10.3969/j.issn.1000-6907.2014.04.004
大鳞副泥鳅β-actin 基因近端启动子的克隆及启动活性分析
采用PCR 技术从大鳞副泥鳅( Paramisgurnus dabryanus )基因组中克隆了β-actin 基因近端启动子片段DPRK1,并将该基因启动子片段DPRK1定向亚克隆到不含启动子的绿色荧光表达载体pEGFP-N1中,构建了重组荧光表达载体pDPRK1-EGFP。将该载体分别转染真核细胞293T、 CEL及DF1,检测绿色荧光表达情况。重组载体经NdeⅠ酶切线性化后,显微注射到斑马鱼( Danio rerio)的受精卵中。

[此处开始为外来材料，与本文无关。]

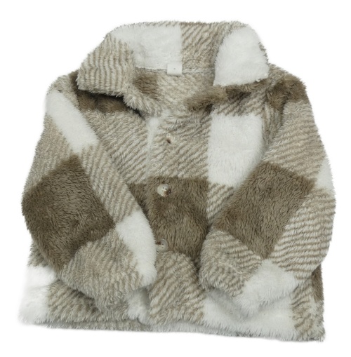 Hnedo-biela kockovaná chlpatá bunda s golierikom SHEIN

序列分析显示该片段的长度为1282 bp,含167 bp的5′侧翼序列近端启动子区和共1115 bp的第1个外显子以及第1个内含子区。5′侧翼序列近端启动子含有CAAT box, CArG motif和TATA box,分别位于转录起始位点(+1)上游的-94、-64和-31处。在将重组载体pDPRK1-EGFP转染293 T、 CEL及DF1的实验中观察到3种细胞都有很强的绿色荧光,在显微注射到斑马鱼受精卵的实验中也观察到绿色荧光,该结果表明大鳞副泥鳅β-actin基因近端启动子片段DPRK1具有效的启动功能,为下一步创制转基因泥鳅新品系提供了技术支撑。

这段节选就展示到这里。